In the listing below, the lines starting at the line with "O Corsa bateu" and ending at the line with "仪器按照GB/T 261-2" are to be output verbatim. Images stay out of the copy.
---------- Data for the task
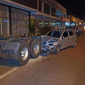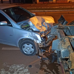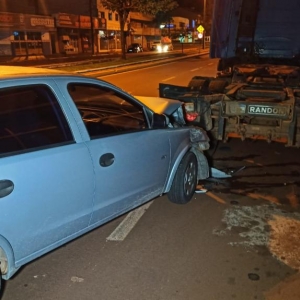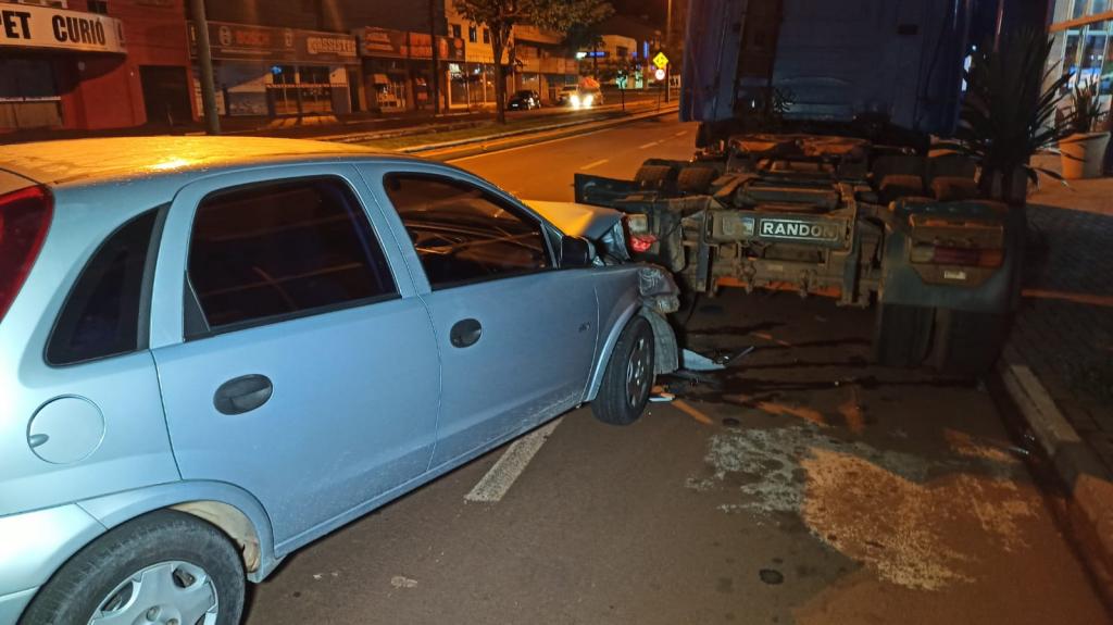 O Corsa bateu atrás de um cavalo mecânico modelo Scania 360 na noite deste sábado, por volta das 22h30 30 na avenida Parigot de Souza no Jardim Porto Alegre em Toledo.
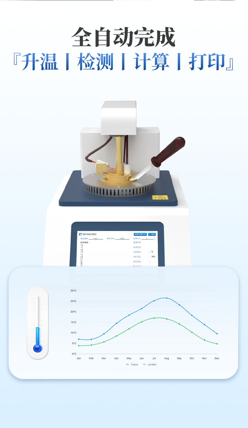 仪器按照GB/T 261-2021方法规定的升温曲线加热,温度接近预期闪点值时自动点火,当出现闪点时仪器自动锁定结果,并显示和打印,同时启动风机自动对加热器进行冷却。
--------------------
---------- Data for the task
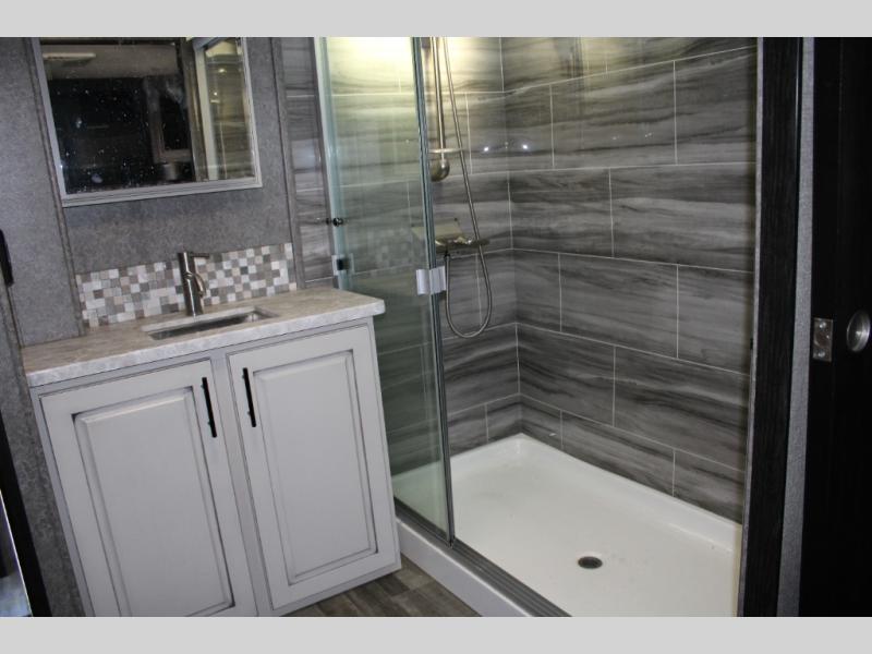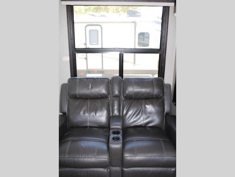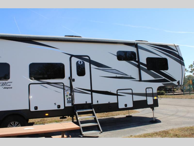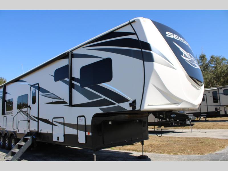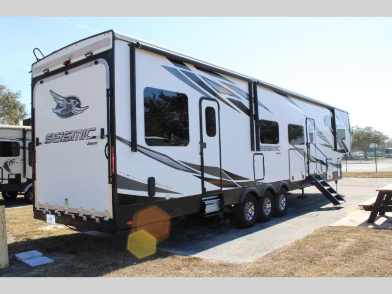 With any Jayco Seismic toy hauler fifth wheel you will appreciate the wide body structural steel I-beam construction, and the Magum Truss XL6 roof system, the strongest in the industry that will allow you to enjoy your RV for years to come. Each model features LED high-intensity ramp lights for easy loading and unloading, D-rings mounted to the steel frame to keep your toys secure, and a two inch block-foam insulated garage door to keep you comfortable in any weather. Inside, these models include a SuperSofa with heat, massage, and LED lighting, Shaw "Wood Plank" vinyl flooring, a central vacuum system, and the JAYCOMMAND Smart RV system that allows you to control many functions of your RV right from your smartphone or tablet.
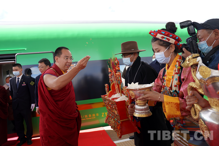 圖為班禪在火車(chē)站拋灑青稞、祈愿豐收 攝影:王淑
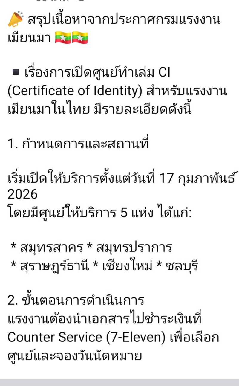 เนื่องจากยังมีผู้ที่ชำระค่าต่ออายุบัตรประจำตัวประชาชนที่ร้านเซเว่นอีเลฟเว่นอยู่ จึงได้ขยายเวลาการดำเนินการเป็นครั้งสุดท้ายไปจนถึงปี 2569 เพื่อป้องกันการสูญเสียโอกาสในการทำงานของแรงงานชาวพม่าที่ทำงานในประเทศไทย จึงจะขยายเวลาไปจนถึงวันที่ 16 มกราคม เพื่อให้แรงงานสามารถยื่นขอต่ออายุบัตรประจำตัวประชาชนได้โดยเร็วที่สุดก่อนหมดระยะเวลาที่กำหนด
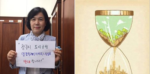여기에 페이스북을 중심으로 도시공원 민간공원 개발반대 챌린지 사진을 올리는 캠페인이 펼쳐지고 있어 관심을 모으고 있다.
--------------------
> **Answer area**
 O Corsa bateu atrás de um cavalo mecânico modelo Scania 360 na noite deste sábado, por volta das 22h30 30 na avenida Parigot de Souza no Jardim Porto Alegre em Toledo.
 仪器按照GB/T 261-2021方法规定的升温曲线加热,温度接近预期闪点值时自动点火,当出现闪点时仪器自动锁定结果,并显示和打印,同时启动风机自动对加热器进行冷却。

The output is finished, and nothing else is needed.